TASK GOAL | Below are records that contain pictures; transcribe the text exactly and omit the pictures.

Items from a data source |
────────

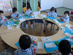 今日はつぼみ組さんの『粘土あそび』の風景です。
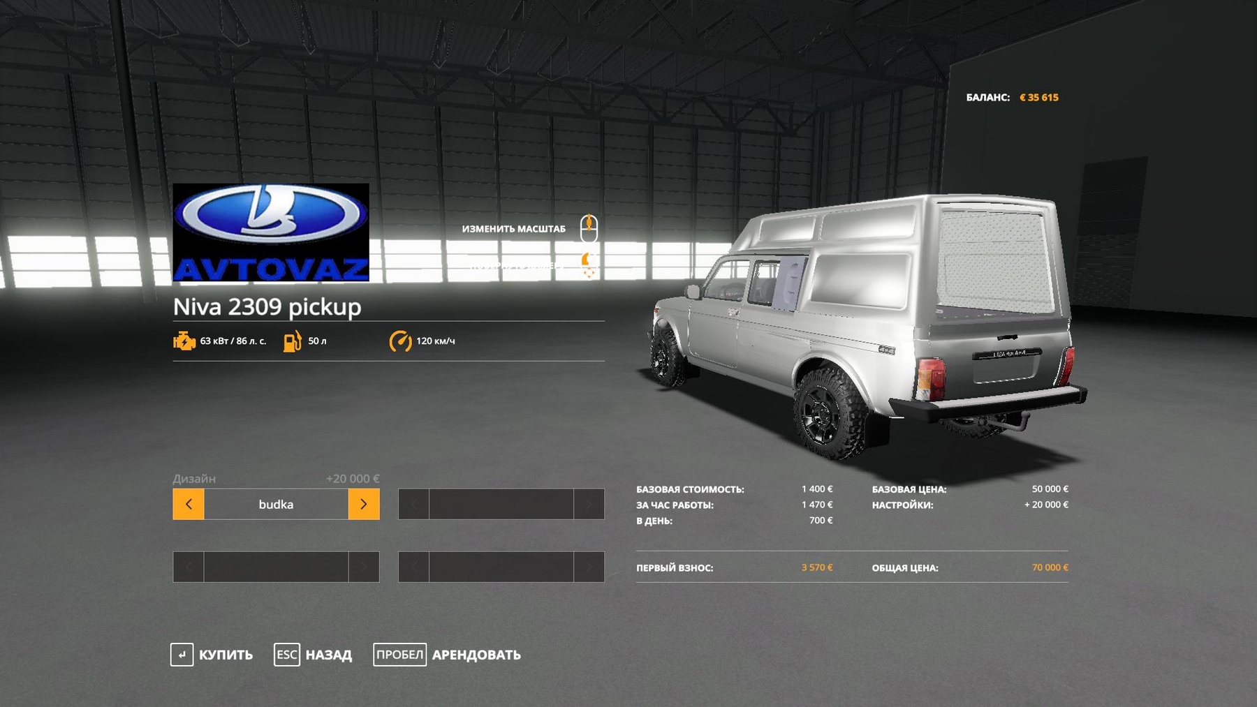 Mod NIVA 2309 PICKUP V1.0 for Farming Simulator 2019 The design is chosen. Turns on the towbar. Work light. Credits: Lex90,convert to FS19:kulibin |
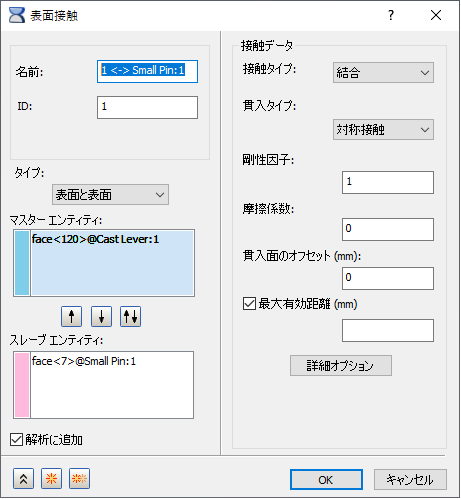 [表面接触]ダイアログ ボックスには、接触を定義するオプションが 2 つあります。
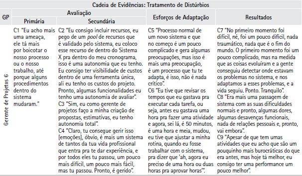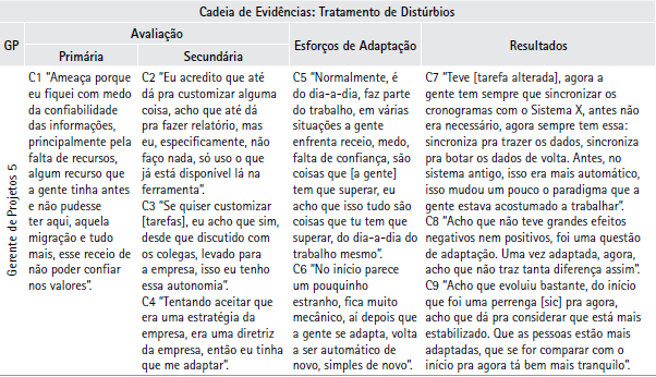 ESTRATÉGIA DE TRATAMENTO DE DISTÚRBIOS: essa estratégia pode ser observada nos relatos dos Gerentes de Projetos 5 e 6, pois eles avaliaram a troca de sistema como uma oportunidade (Figura 5, C1 e Figura 6, C1), possuíam alto controle sobre o contexto (Figura 5, C2, C3, C4 e Figura 6, C2, C3 e C4), exerceram uma estratégia de adaptação focando na resolução de problemas emocionais e de tarefas (Figura 5, C5, C6 e Figura 6, C5 e C6); quanto a resultados, o Gerente de Projetos 6 minimizou as consequências negativas do evento de TI (Figura 6, C7), restaurou sua estabilidade emocional (Figura 6, C8) e percebeu ganho de eficiência (Figura 6, C9), enquanto que a Gerente de Projetos 5 apenas minimizou os impactos da mudança de TI (Figura 5, C7) e restaurou a sua estabilidade emocional de maneira parcial, visto que ainda possui certa desconfiança do sistema (Figura 5, C8), não tendo percebido ganhos de eficiência e/ou eficácia; e ambos demonstraram perceber uma melhoria no uso do sistema na organização (Figura 5, C9 e Figura 6, C7).
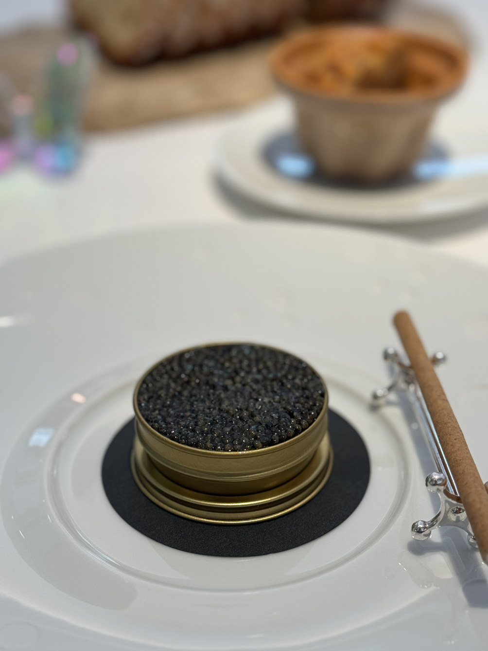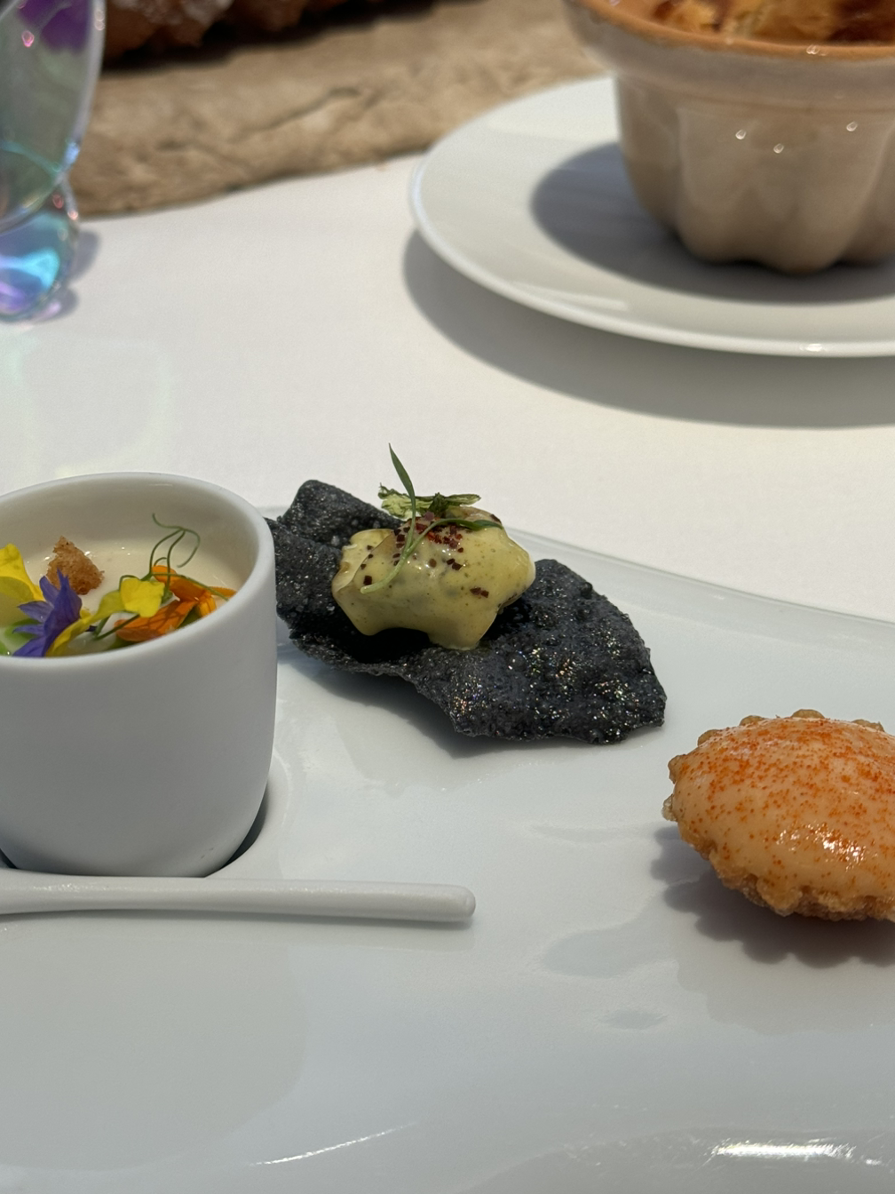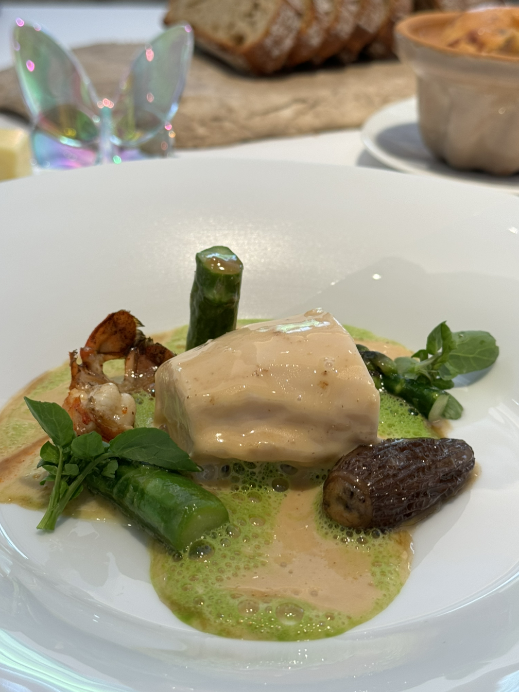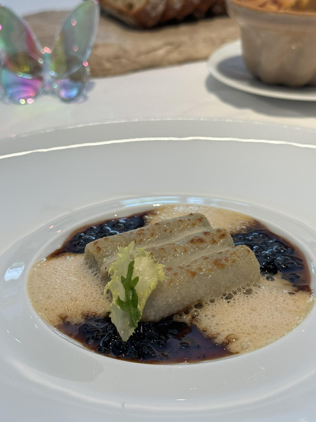 캐비어와 훈연한 감자 무스, 홀렌다이즈 소스로 구성된 요리는 그야말로 환상적인 조합이었습니다. 짭조름한 캐비어와 부드러운 감자 무스, 훈연의 킥이 어우러진 이 요리는 산도가 높은 상세르 와인과 완벽한 페어링을 이루었습니다.
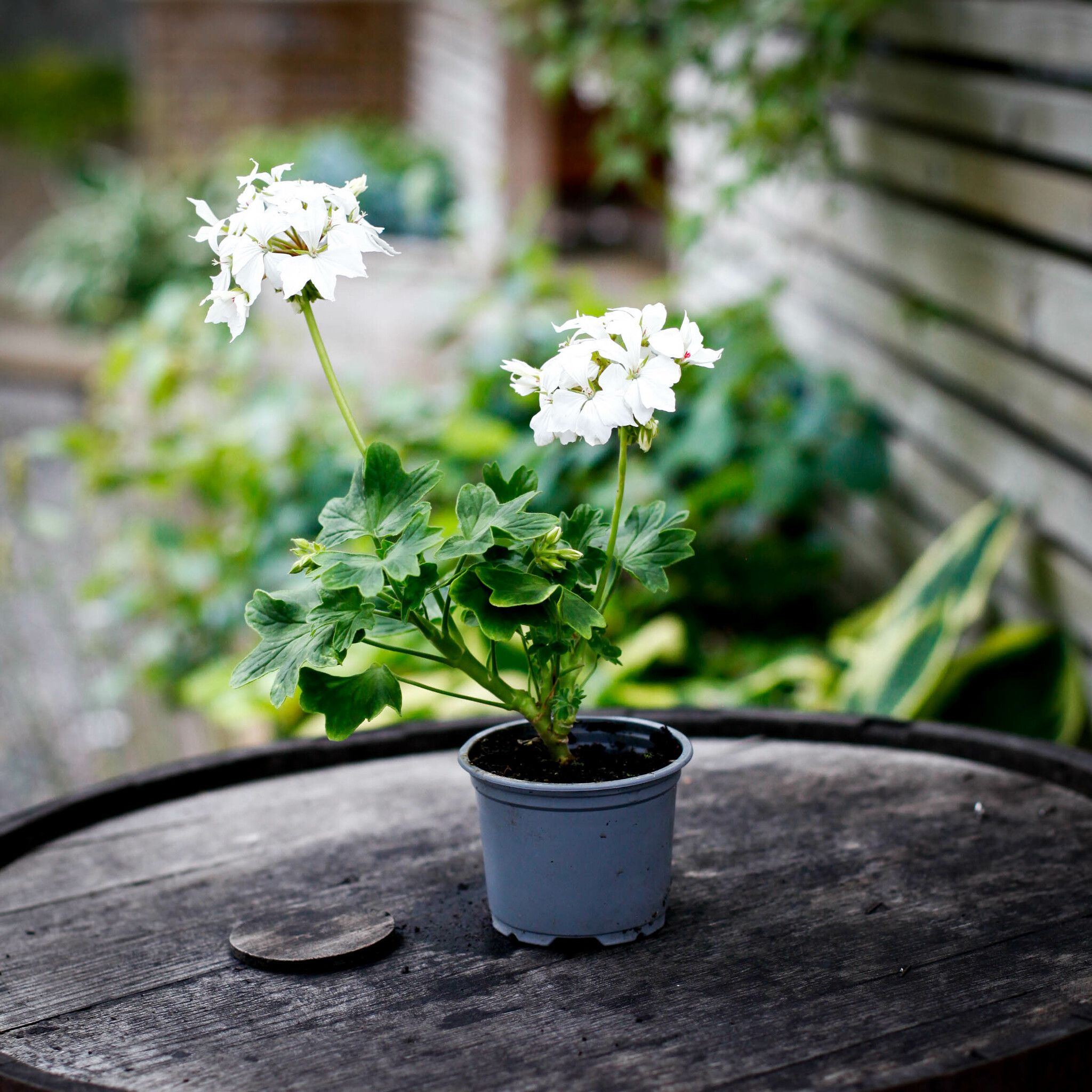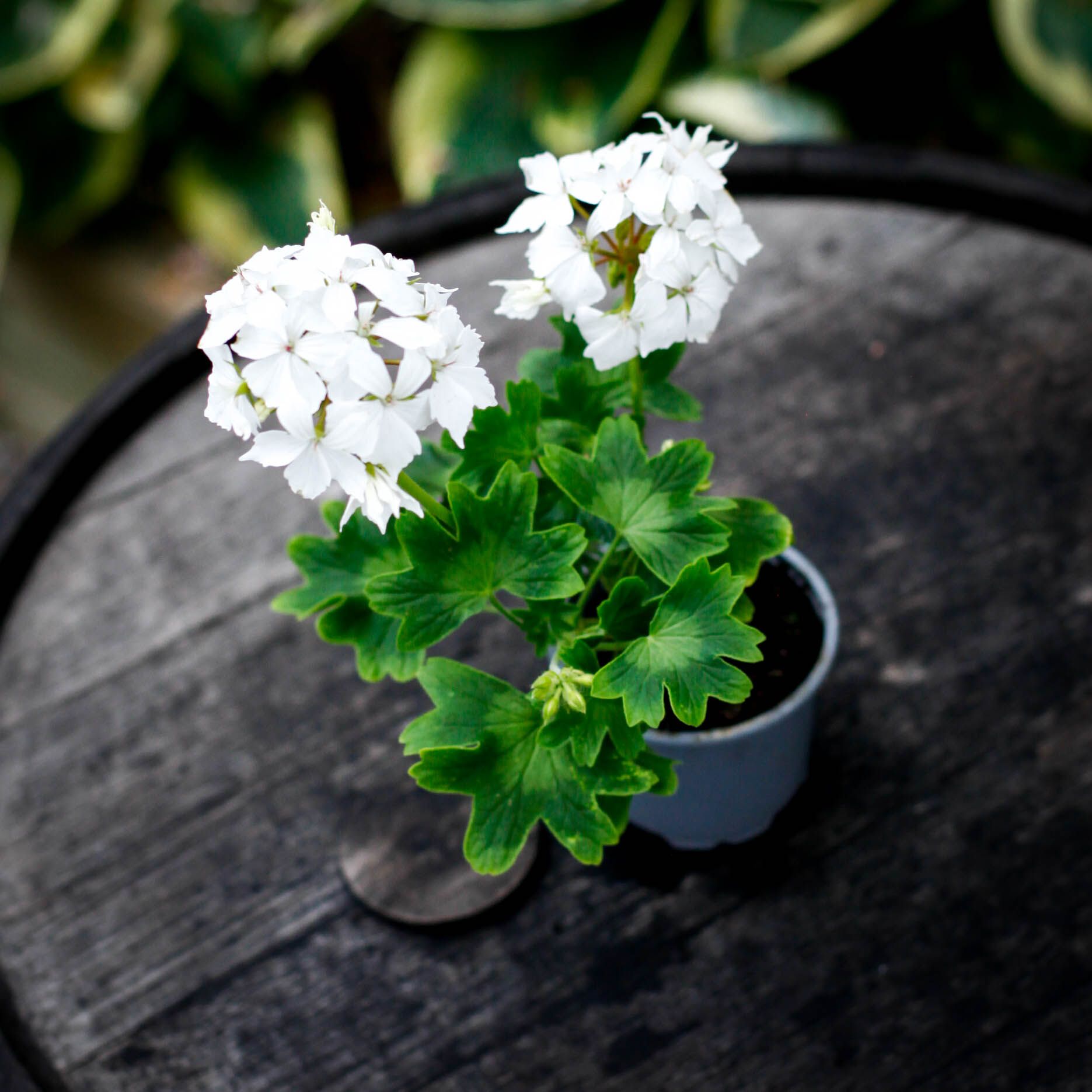 Upptäck Pelargonium 'Summer Twist', en unik stjärnpelargon med vita flikiga blommor och dekorativa blad. Köp nu på Klorofyllverket.se.
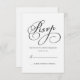 This response card features the letters "rsvp" in an elegant black script. Text fields are customizable and can be changed, if desired.
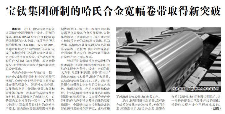 近日,由寶鈦集團鎳合金項目組自主設(shè)計、研制的鎳基UNSN10276(哈氏合金)寬幅卷帶取得新的技術(shù)突破。他們所試制的規(guī)格為0.6×1000~1219×Cmm、單卷重量超過3.5噸的哈氏合金帶,完成了高精度冷軋及高溫連續(xù)熱處理工藝試驗。經(jīng)過全面檢驗,產(chǎn)品綜合性能符合ASTM B575要求,其夾雜物等級、耐蝕性、冷深沖壓型等達到板式換熱器領(lǐng)域的設(shè)計需求。
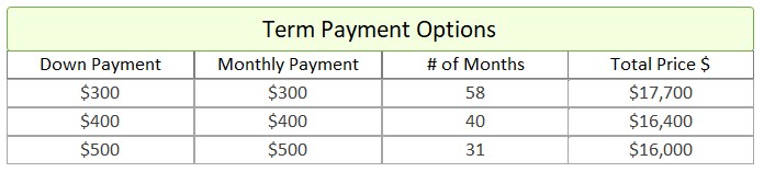 - Term Option 3: $500 down, $500 for 31 months, for a total price of $16,000
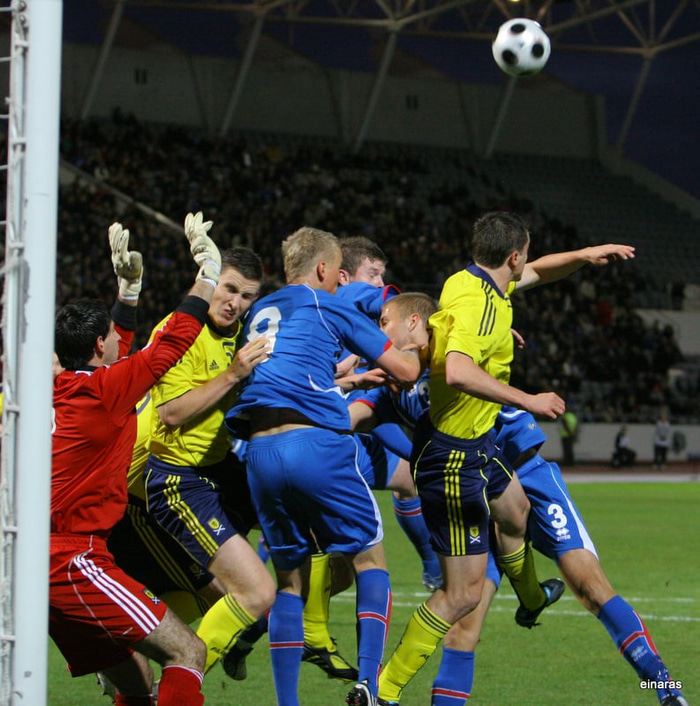 Eftir tæpan tíu mínútna leik fengu Íslendingarnir fyrsta dauðafærið þegar Birkir Bjarnason kom í fyrirgjöf inn í teig sem munaði engu að Bjarni Þór Viðarsson næði að skalla í netið. Boltinn fór hins vegar framhjá honum og varnarmaður Skota skallaði rétt framhjá og í horn.
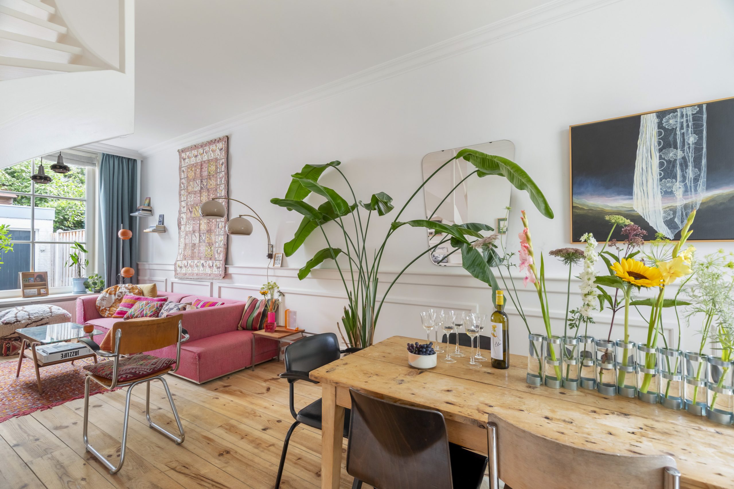 Wanneer je bij de woning aankomt, valt allereerst de prachtige geveltuin met fleurige vlinderstruik en mooie druif op. Maar achter de voordeur gaat zoveel meer moois schuil!

────────

RESULT OF THIS EXERCISE |
 今日はつぼみ組さんの『粘土あそび』の風景です。
 Mod NIVA 2309 PICKUP V1.0 for Farming Simulator 2019 The design is chosen. Turns on the towbar. Work light. Credits: Lex90,convert to FS19:kulibin |
 [表面接触]ダイアログ ボックスには、接触を定義するオプションが 2 つあります。
 ESTRATÉGIA DE TRATAMENTO DE DISTÚRBIOS: essa estratégia pode ser observada nos relatos dos Gerentes de Projetos 5 e 6, pois eles avaliaram a troca de sistema como uma oportunidade (Figura 5, C1 e Figura 6, C1), possuíam alto controle sobre o contexto (Figura 5, C2, C3, C4 e Figura 6, C2, C3 e C4), exerceram uma estratégia de adaptação focando na resolução de problemas emocionais e de tarefas (Figura 5, C5, C6 e Figura 6, C5 e C6); quanto a resultados, o Gerente de Projetos 6 minimizou as consequências negativas do evento de TI (Figura 6, C7), restaurou sua estabilidade emocional (Figura 6, C8) e percebeu ganho de eficiência (Figura 6, C9), enquanto que a Gerente de Projetos 5 apenas minimizou os impactos da mudança de TI (Figura 5, C7) e restaurou a sua estabilidade emocional de maneira parcial, visto que ainda possui certa desconfiança do sistema (Figura 5, C8), não tendo percebido ganhos de eficiência e/ou eficácia; e ambos demonstraram perceber uma melhoria no uso do sistema na organização (Figura 5, C9 e Figura 6, C7).
 캐비어와 훈연한 감자 무스, 홀렌다이즈 소스로 구성된 요리는 그야말로 환상적인 조합이었습니다. 짭조름한 캐비어와 부드러운 감자 무스, 훈연의 킥이 어우러진 이 요리는 산도가 높은 상세르 와인과 완벽한 페어링을 이루었습니다.
 Upptäck Pelargonium 'Summer Twist', en unik stjärnpelargon med vita flikiga blommor och dekorativa blad. Köp nu på Klorofyllverket.se.
 This response card features the letters "rsvp" in an elegant black script. Text fields are customizable and can be changed, if desired.
 近日,由寶鈦集團鎳合金項目組自主設(shè)計、研制的鎳基UNSN10276(哈氏合金)寬幅卷帶取得新的技術(shù)突破。他們所試制的規(guī)格為0.6×1000~1219×Cmm、單卷重量超過3.5噸的哈氏合金帶,完成了高精度冷軋及高溫連續(xù)熱處理工藝試驗。經(jīng)過全面檢驗,產(chǎn)品綜合性能符合ASTM B575要求,其夾雜物等級、耐蝕性、冷深沖壓型等達到板式換熱器領(lǐng)域的設(shè)計需求。
 - Term Option 3: $500 down, $500 for 31 months, for a total price of $16,000
 Eftir tæpan tíu mínútna leik fengu Íslendingarnir fyrsta dauðafærið þegar Birkir Bjarnason kom í fyrirgjöf inn í teig sem munaði engu að Bjarni Þór Viðarsson næði að skalla í netið. Boltinn fór hins vegar framhjá honum og varnarmaður Skota skallaði rétt framhjá og í horn.
 Wanneer je bij de woning aankomt, valt allereerst de prachtige geveltuin met fleurige vlinderstruik en mooie druif op. Maar achter de voordeur gaat zoveel meer moois schuil!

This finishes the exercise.